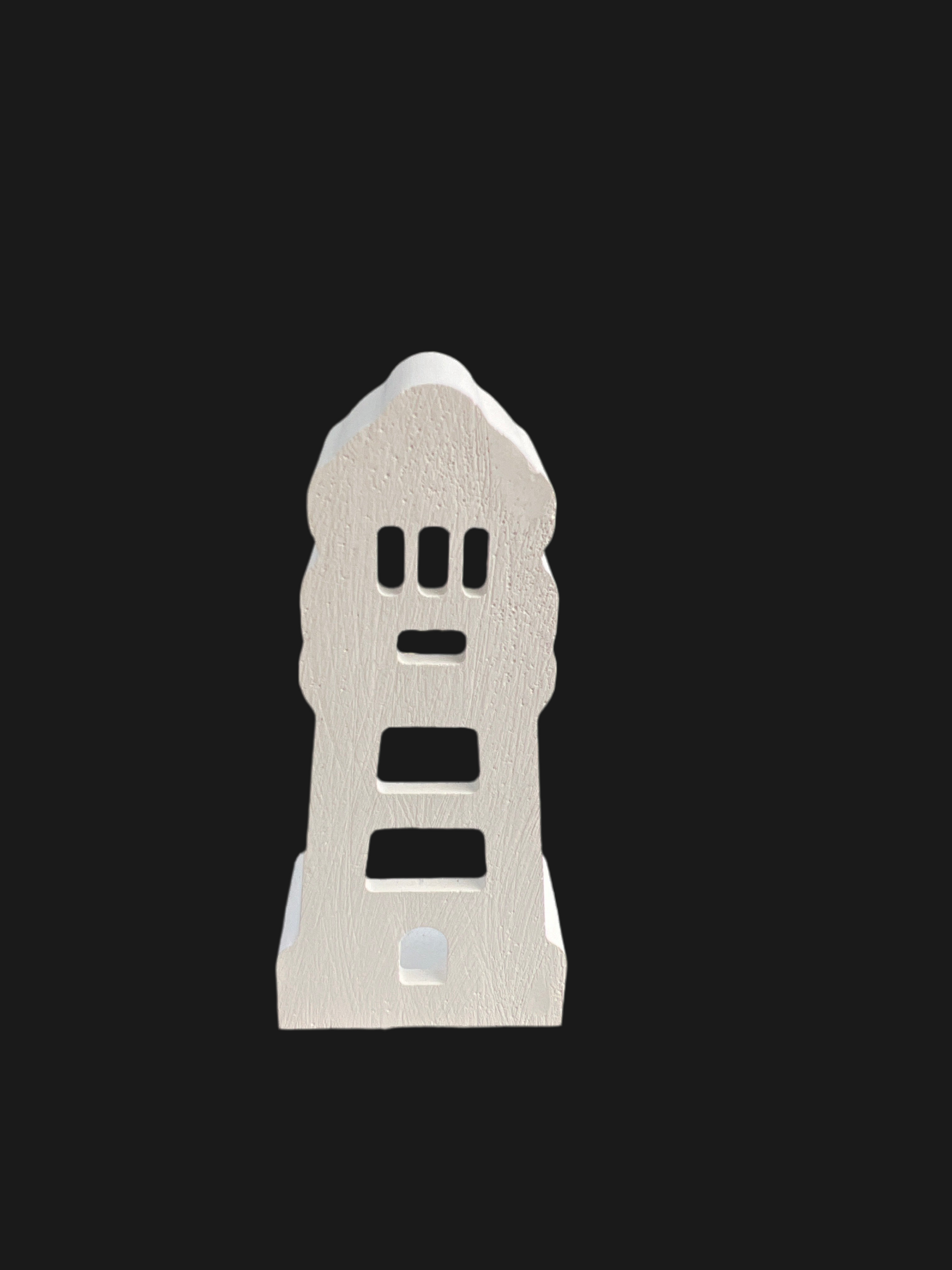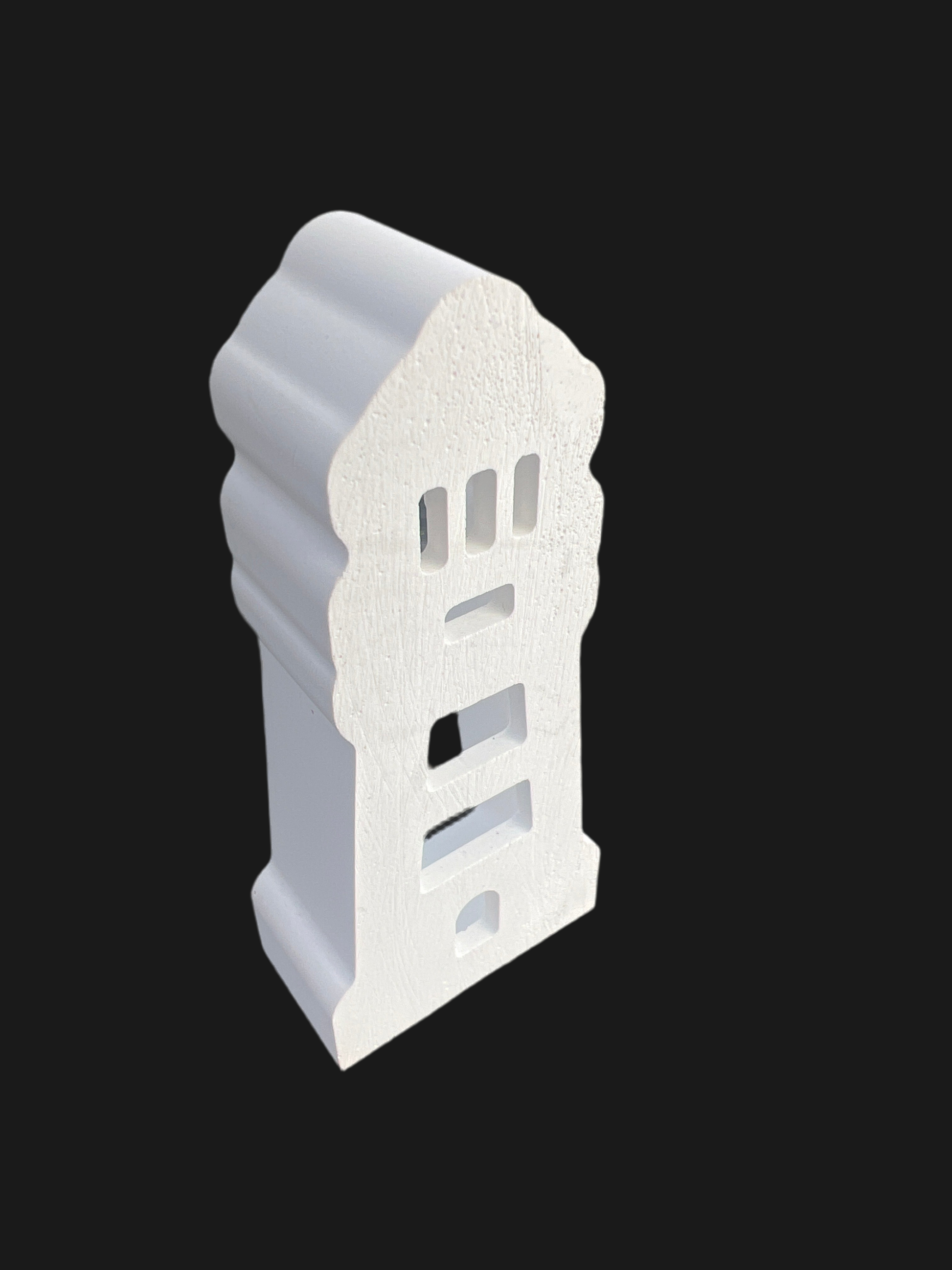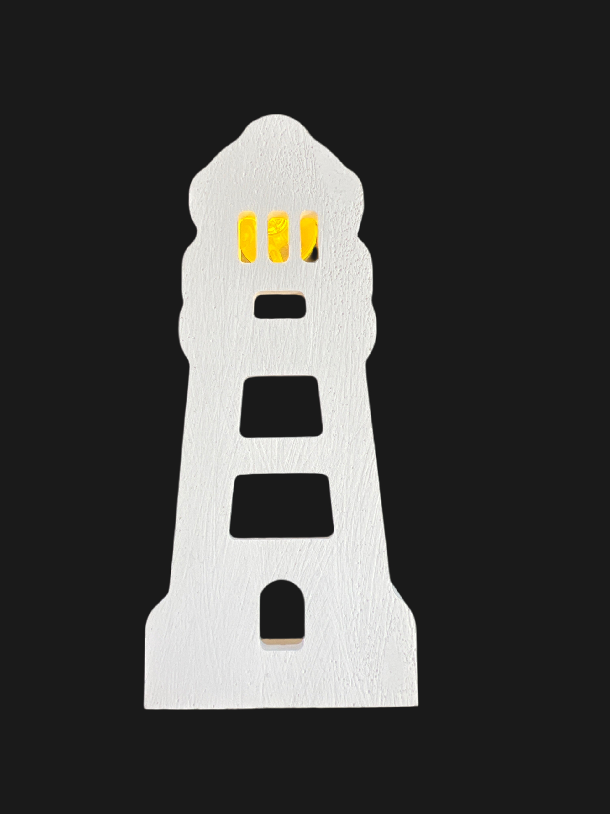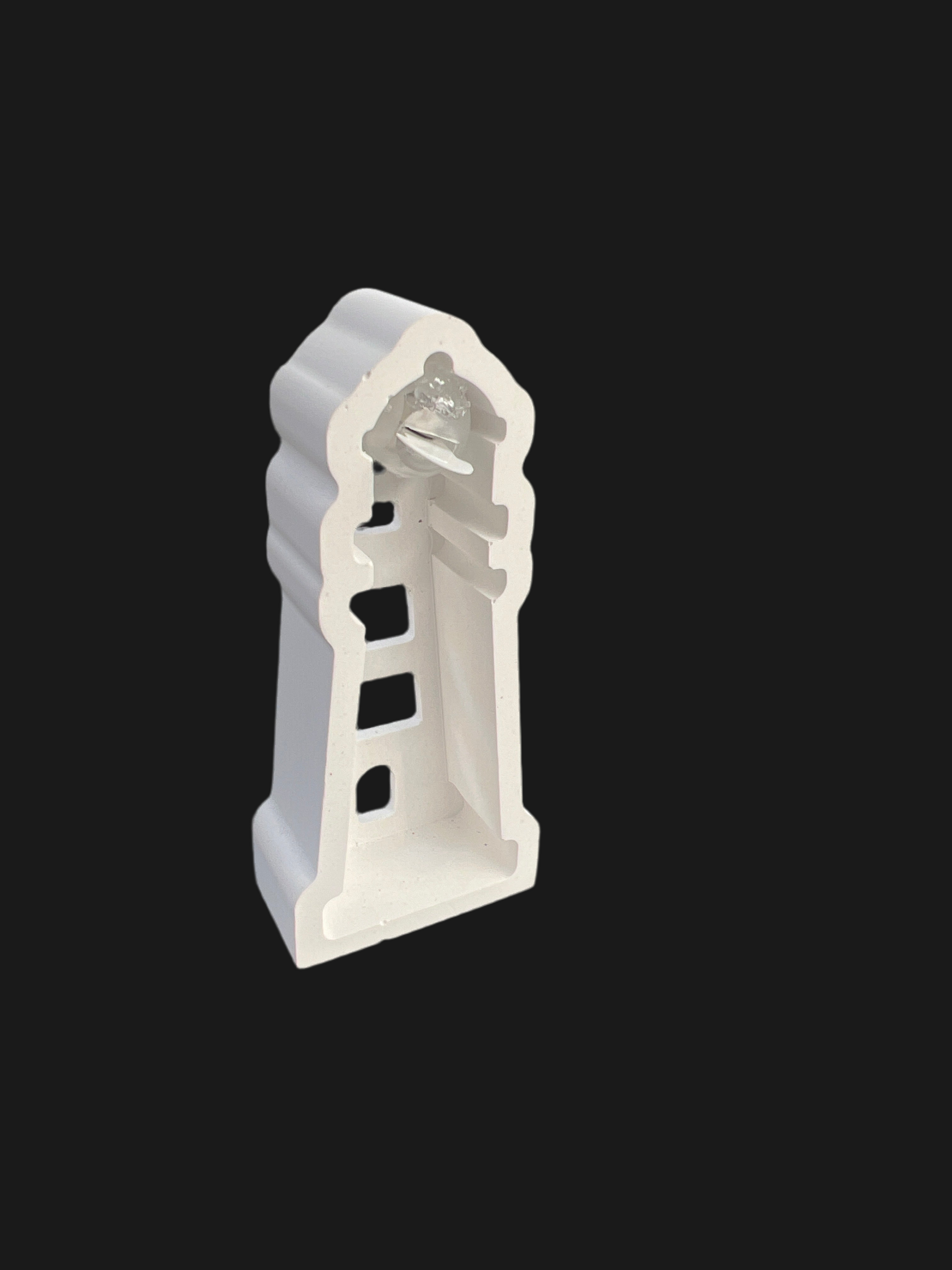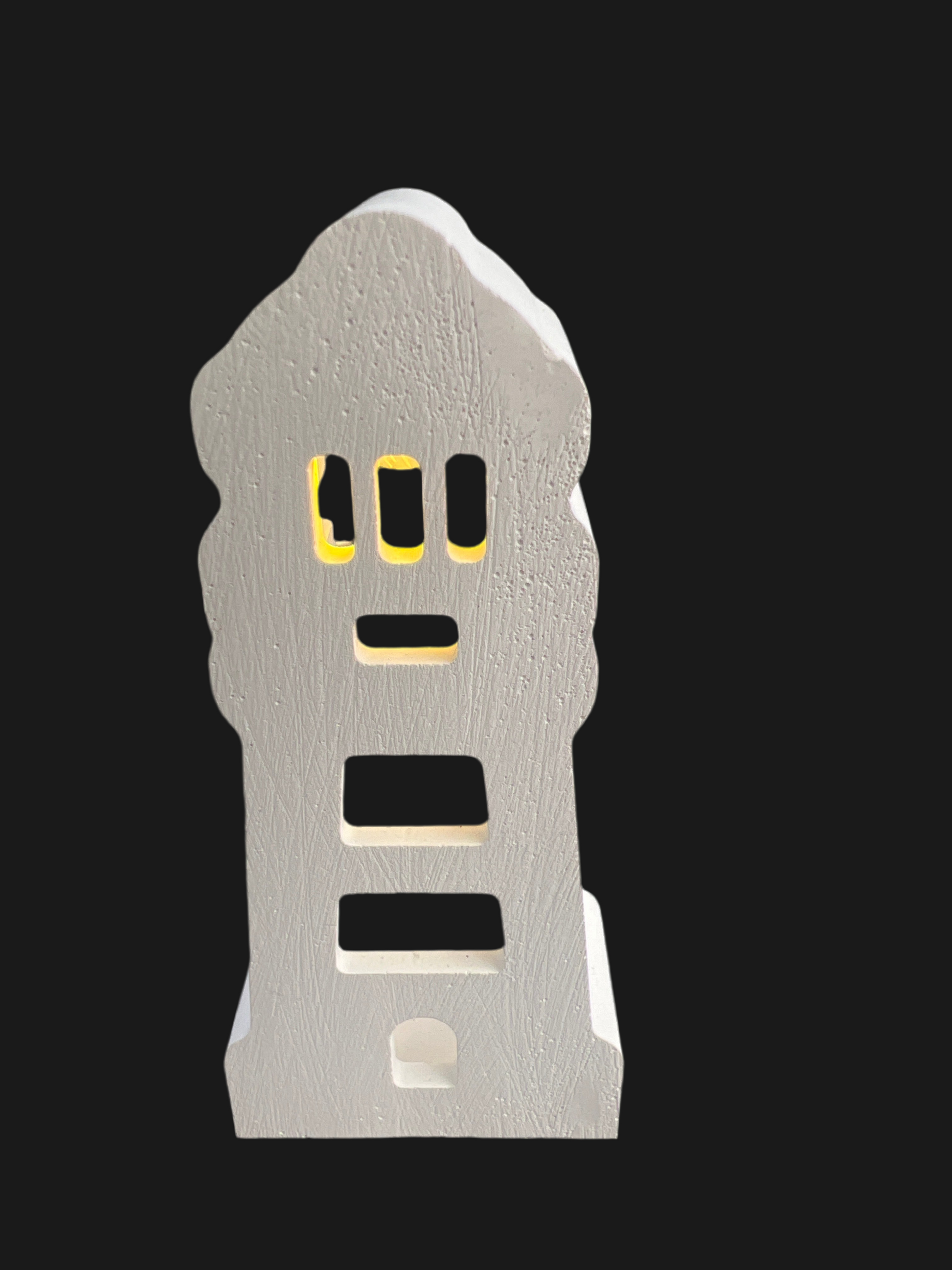 Mini - Leuchtturm aus Keramik handgefertigt in der Farbe weiß mit LED-Ballonlicht in warmweiß
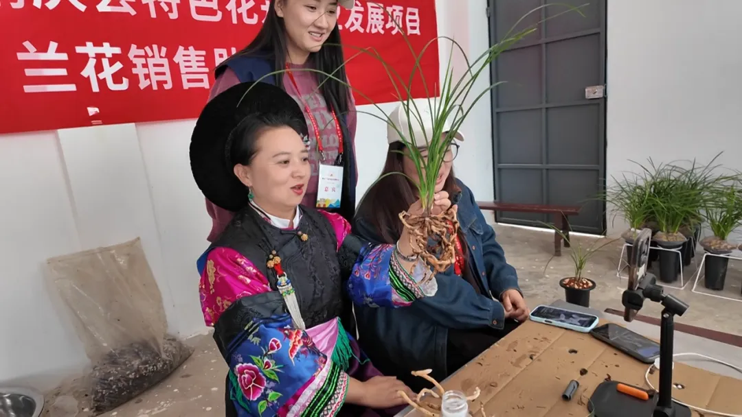 图为鹤庆兰花销售主播正在销售兰花 段志宇 摄
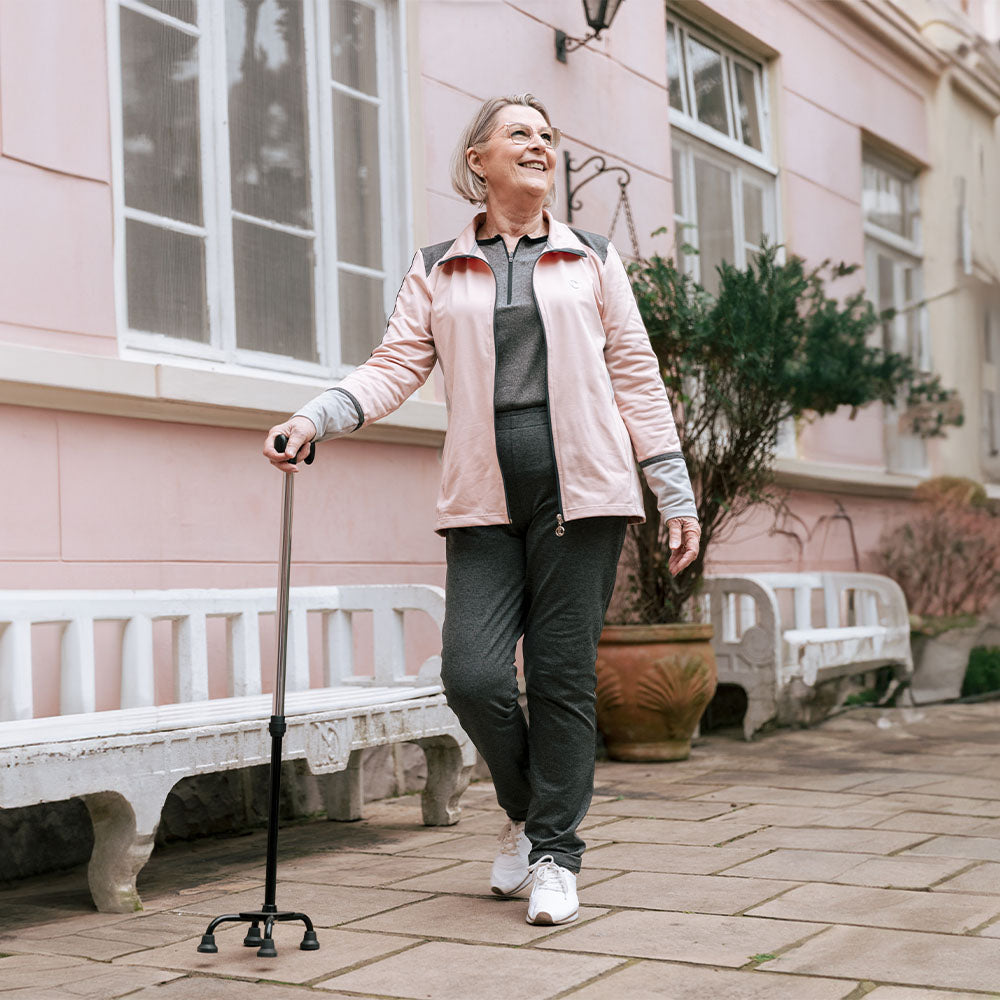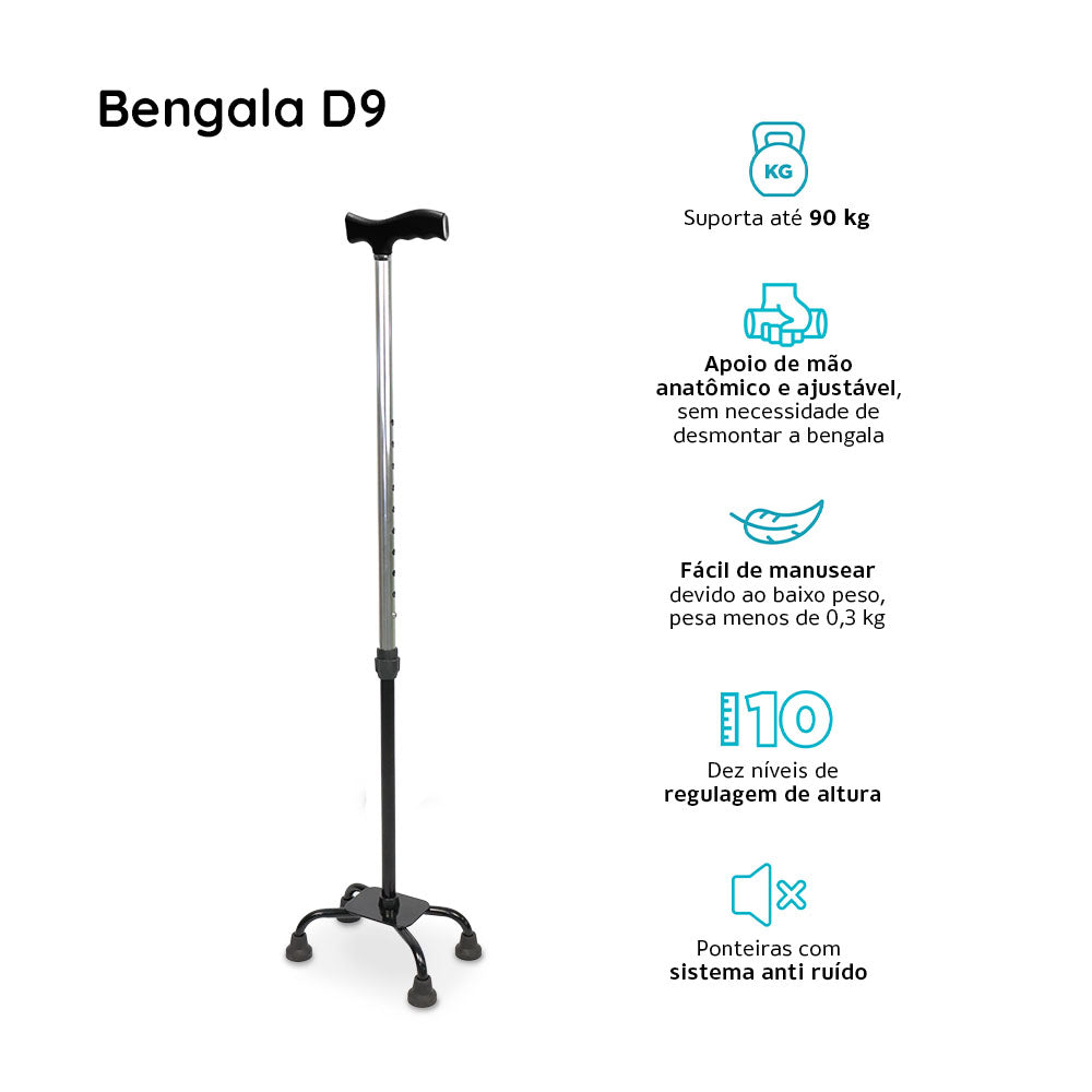 Bengala com base estável de 4 pontas, estrutura em alumínio anodizado (leve e resistente) e regulagem de altura em 10 níveis (64 a 94 cm). Suporta até 90 kg e possui empunhadura anatômica para mais conforto e segurança no dia a dia.

• ACTIVITY: Word for word, give the listing above again, but drop any pictures.

• TASK ANSWER:
 Mini - Leuchtturm aus Keramik handgefertigt in der Farbe weiß mit LED-Ballonlicht in warmweiß
 图为鹤庆兰花销售主播正在销售兰花 段志宇 摄
 Bengala com base estável de 4 pontas, estrutura em alumínio anodizado (leve e resistente) e regulagem de altura em 10 níveis (64 a 94 cm). Suporta até 90 kg e possui empunhadura anatômica para mais conforto e segurança no dia a dia.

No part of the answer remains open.